# Foating rock, how do I get them to sink?



## ChemGuyEthan (Apr 13, 2014)

Hmmm... maybe let it float for a while in the hopes that it gets water logged?

Depending on how exposed the rock bottoms are, you could maybe take a more dense rock and hot-glue it to the bottom of the feather rock to weigh it down. Then just fill substrate up to hide the weight rock.


----------



## deeda (Jun 28, 2005)

Bake it in the oven at about 200°F for 20 minutes (smaller rocks take less time), remove using oven mitts, and carefully place in a pail of water. This opens the pores a bit and allows the Feather rock to absorb more water. It should fully sink this way.

I've used this method before and found it completely safe. I have also boiled them in water in a turkey fryer pot, outside only, and had the exact same results.


----------



## drondy (Apr 8, 2014)

Nice ideas!!! let me ask, will hot glue cause any problems in an aquarium environment?


----------



## ChemGuyEthan (Apr 13, 2014)

drondy said:


> Nice ideas!!! let me ask, will hot glue cause any problems in an aquarium environment?
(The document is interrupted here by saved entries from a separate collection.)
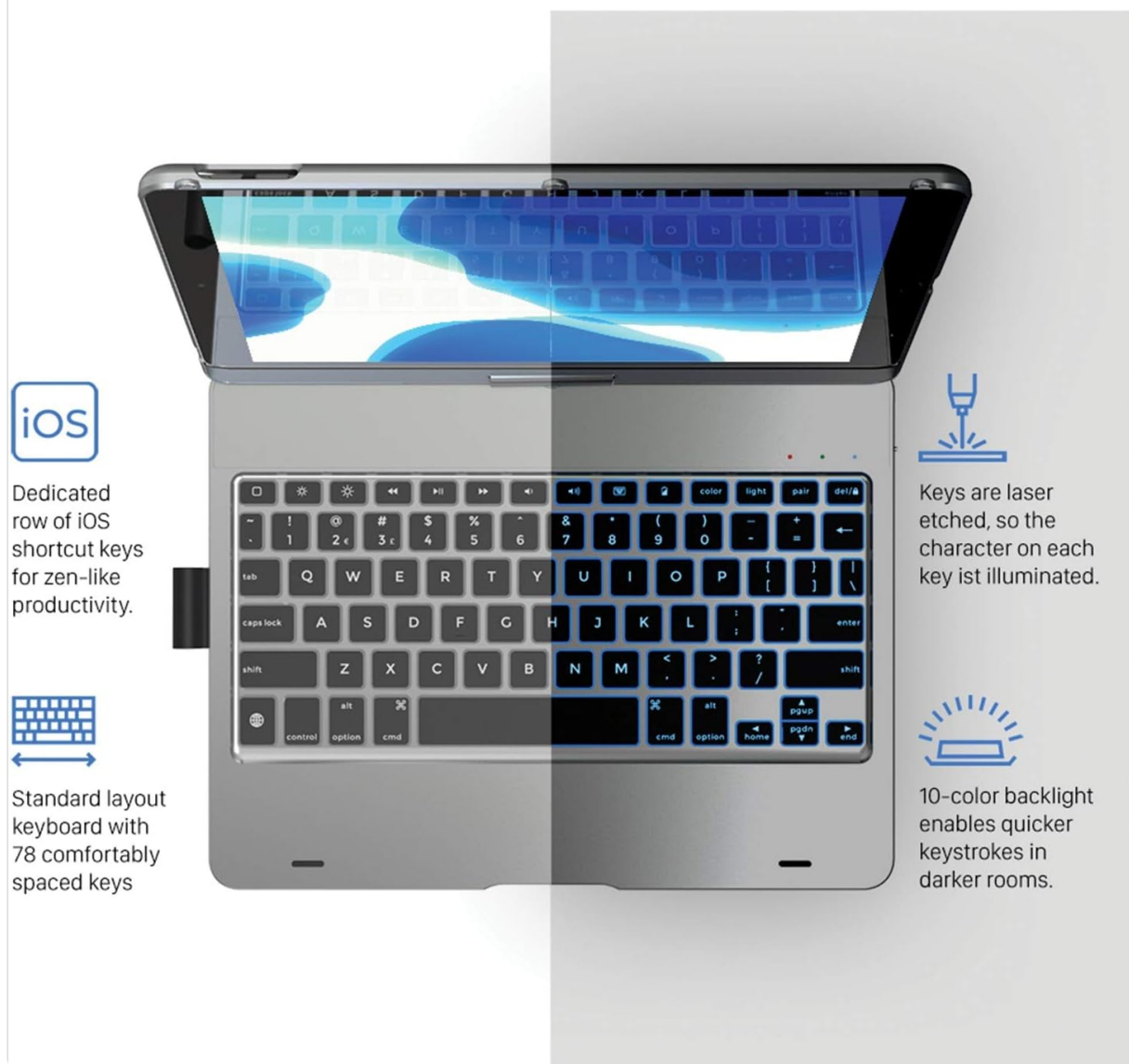
Image 4.3: Details of the backlit keyboard, highlighting iOS shortcuts and illuminated keys.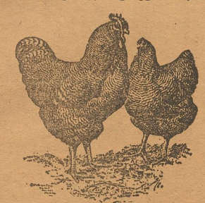
Pair of Barred Plymouth Rocks.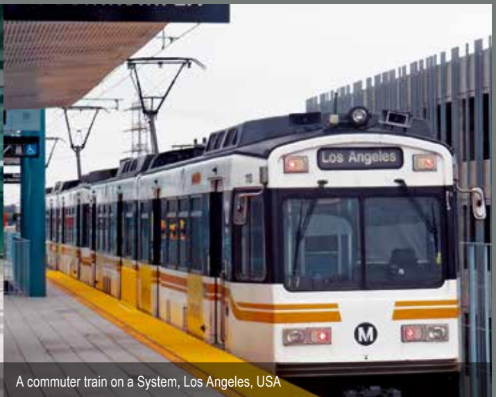
A commuter train on a System, Los Angeles, USA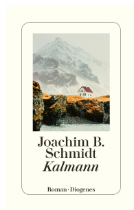
Kalmann 352 pages 2020 🏆 Award winner 🏆 Bestseller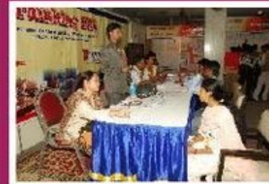
Varun Hi-tech Engineering Services Limited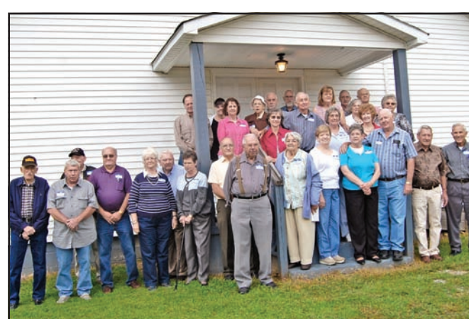
More than 50 members of the Bunker Hill School gathered Saturday for a reunion of the now defunct school on Highway 76.

The school, for students in grades 1 through 7, opened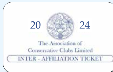
IA Ticket- £2.00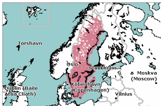
Fig. 1. GSM-network coverage of Sweden [18]

Nevertheless, even sparsely populated countries have invested in mobile networks, instead of providing fixed-lines in remote areas. One example is the GSM-network coverage of Sweden, which is shown in Fig. 1.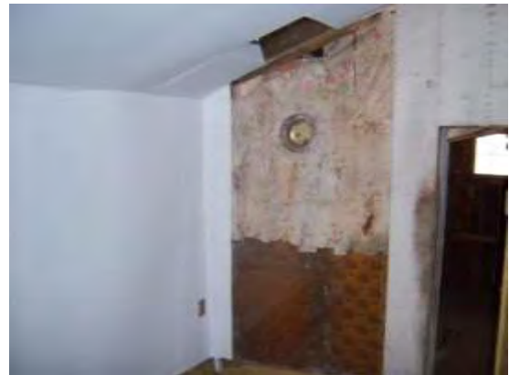
After- 3 rd room walls complete and plexiglass over northern wall to protect historic wall coverings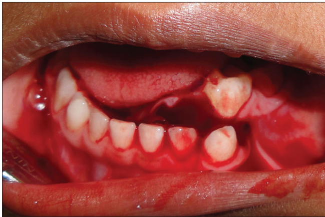
Figure 1: Preoperative photograph following trauma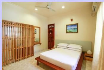
3 DELUXE ROOMS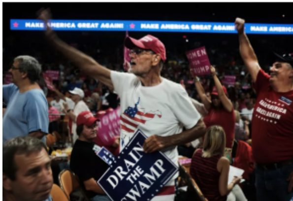
President Donald Trump's supporters chant "lock her up" while ignoring that Michael Cohen and Paul Manafort face prison time.

snippets of in the Alex Van der Zwaan plea: Manafort's use of Skadden Arps to whitewash Yanukovich's prosecution of Yulia Tymoshenko.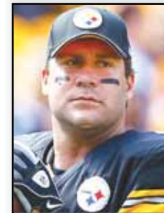
Ben Roethlisberger quarterback 35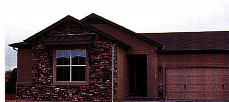
3315 Union Jack Way

$458,331 | 3,110 SF | MLS: 5276776 Model: Telluride Bed: 4 | Bath: 4 | Car: 2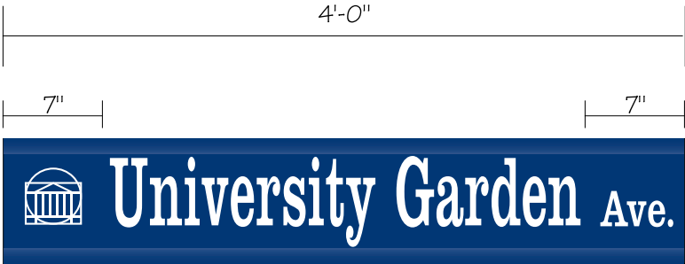
50% condensed text format

Samples Samples may be required prior to bid award.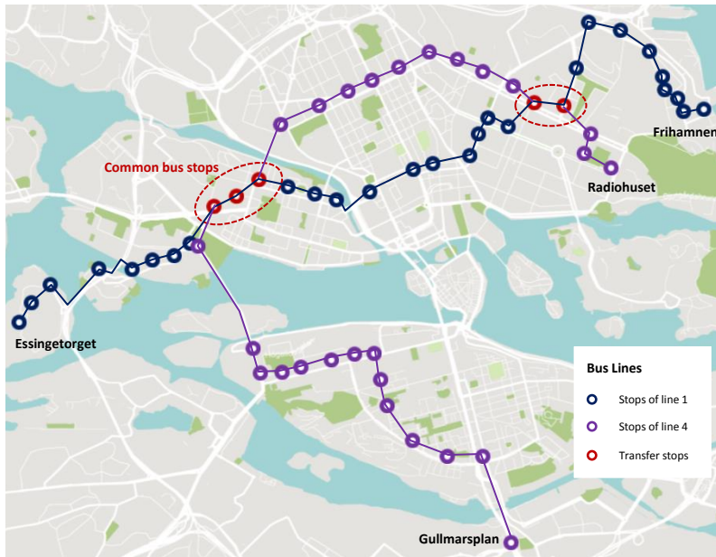
Fig. 1 Transfer stops between bus line 1 and bus line 4 in Stockholm

performance on minimizing the objective function and its computation time was only 27 minutes. The simulated annealing method was even faster than the sequential hill climbing, but had the worst performance compared to the other methods.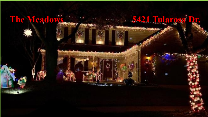
5421 Tularosa Dr.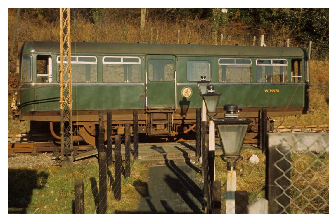
W79978 at Boscarne Exchange platform on 15<sup>th</sup> December 1966

And finally for this month, W79978 in British Railways service,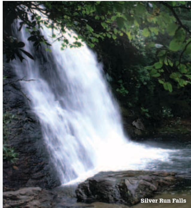
Silver Run Falls

Directions: From campus, take Hwy 107S to Cashiers. Go through town and about 4 miles past the stop light, there will be a pull off on the left side of the road. The trail to the falls is about ¼ mile and you will cross the Whitewater River.

Not that I'm aware of. I've seen it used before, and I plan on using it to stick pieces of wood together to make a tree. 

It's not really "glue" like elmer's glue or something that has solvents and things that need to dry and might leech out. Hot "glue" is basically just a type of low melting temperature plastic.


----------



## lochaber (Jan 23, 2012)

If you can't get it waterlogged enough to sink via boiling, I'd go ahead and try to secure it to some other piece of rock, like a slate tile or something. The featherock/pumice is rough enough in texture that almost any glue should be able to adhere to it, but you might have trouble with the slate or whatever. mechanical fasteners (screws, zip ties, etc.) would work pretty well, and you could just drive a screw into the pumice w/out a pilot hole or anything.

If none of those work, you might be able to carve out a hollow and fill it with cheap sand/gravel, and then secure it with some epoxy or silicone.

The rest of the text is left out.